I always assumed that draining a swamp was a one-time deal. You drain the swamp, it’s not a swamp anymore, you build a city on top of your new not-swamp. But the pink-and-purple pipes in Berlin have taught me otherwise: however long you build on a swamp, the groundwater stays just below the surface, where it needs to be pumped out of every new construction site. In Berlin this job is done by above-ground pipes in Easter egg colors that carry the water to the nearest canal. Apparently a lot of people take these pipes – especially the ones at Potsdamer Platz – for a Centre Pompidou-style art installation. This weekend I discovered that following one of these pastel pipelines until you find the canal into which it is dumping swamp water can make for a surprisingly fun kids’ activity.
Not only is Berlin swampy, it is essentially named “swamp city”: the root berl- means “swamp” in the intriguing-sounding extinct West Slavic language Polabian. Last Saturday my son and I were cycling through Mitte, the heart of the swamp. He was in a scientific sort of mood – he’d insisted on packing a magnifying glass in his jacket pocket – and wanted to stop to look at a building site. Once there he was drawn to the swampwater pipes, perhaps because the colors pink and purple attract small children. I explained what the pipeline was for and we started following it. It snaked across lawns and between buildings and along sidewalks until it emptied out into the Spreekanal. Just before the canal you could hear the rush of the water if you put your ear next to the pipe.

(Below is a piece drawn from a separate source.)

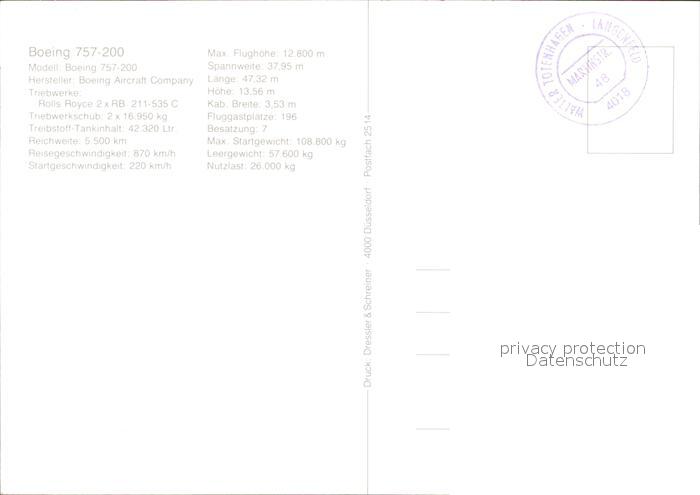 Flugzeuge Zivil Boeing 757-200 LTS postalisch nicht gelaufen Erhaltung siehe scans
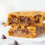 The image shows two stacked thick squares of a soft, chewy cookie bar with a golden-brown exterior and a moist, slightly gooey interior that is packed with melted dark brown chocolate chips and small pieces of orange-colored butterscotch chips. The texture looks dense with the chocolate chips slightly glossy and partially melted, embedded evenly throughout each cookie layer. The bars rest on a piece of white parchment paper placed on a white marbled surface, with one loose chocolate chip nearby. The background is bright and white, keeping the focus on the close-up dessert. Photo taken with an iphone --ar 4:5 --v 7

One of the great effortlessly defiant things about children is that how much they enjoy a given activity rarely correlates with how fun for them adults have deemed it. They totally defy the distinctions grown-ups draw between Designated Special Fun and the quotidian. You drag the kid across town to see the new baby elephant at the zoo and she’s only interested in the line of ants on a tree near the elephants. You take the kid on vacation to Spain and he remembers it only as “where I ate a croissant with chocolate sprinkles on the train”. My son enjoyed the swampwater pipeline far more than the carnival rides and face painting at the pumpkin festival I took him to the previous weekend for the Express Purpose of Children’s Fun.
Also: if you are interested in both construction materials and the colors pink and purple, or find yourself in Mitte with a three-to-six-year-old, I recommend checking out the pile of piping components currently on Schlossplatz (as seen in photos above).